- _Data provided_
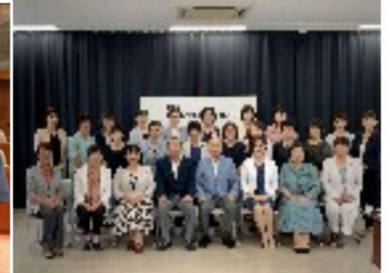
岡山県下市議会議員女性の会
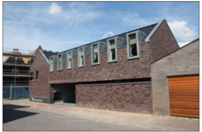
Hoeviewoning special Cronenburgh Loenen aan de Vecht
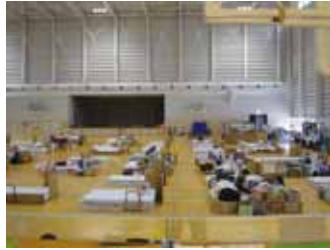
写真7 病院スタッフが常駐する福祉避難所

--

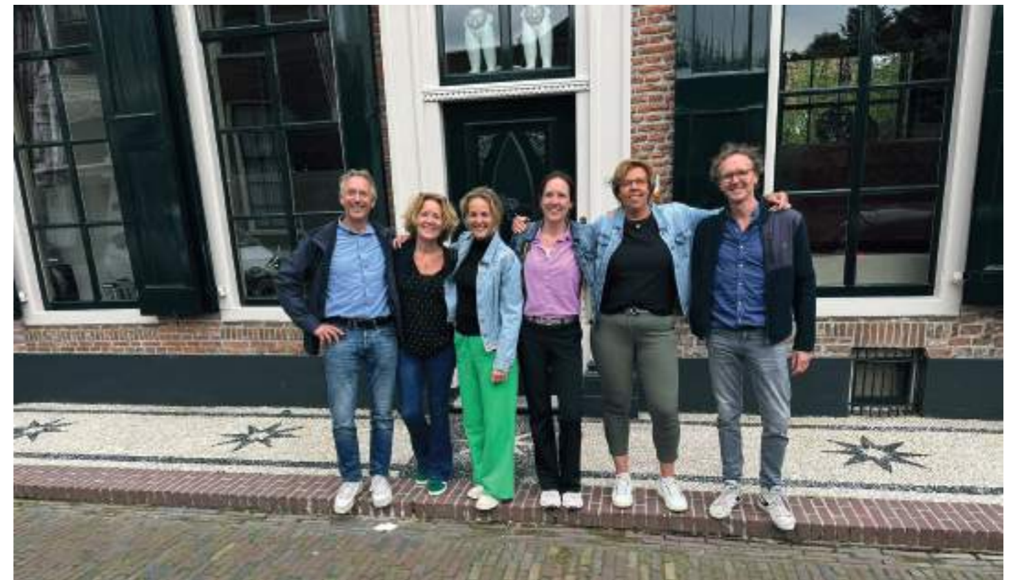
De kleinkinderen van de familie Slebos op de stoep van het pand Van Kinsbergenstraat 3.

---

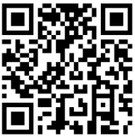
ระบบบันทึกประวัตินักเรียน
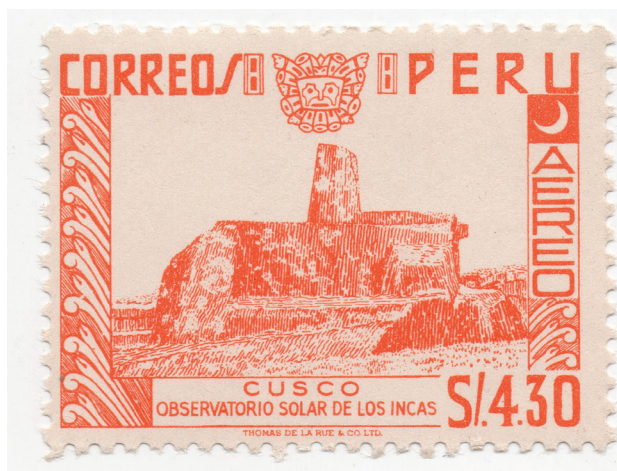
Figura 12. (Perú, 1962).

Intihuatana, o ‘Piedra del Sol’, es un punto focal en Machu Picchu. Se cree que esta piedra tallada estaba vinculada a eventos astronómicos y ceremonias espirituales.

- _Task to carry out_
Within the listing above, give again exactly every line from the line with "Figura 12. (Perú, 1962)." through the line with "Intihuatana, o ‘Piedra", both included, and no other line.

- _Exercise answer_
Figura 12. (Perú, 1962).

Intihuatana, o ‘Piedra del Sol’, es un punto focal en Machu Picchu. Se cree que esta piedra tallada estaba vinculada a eventos astronómicos y ceremonias espirituales.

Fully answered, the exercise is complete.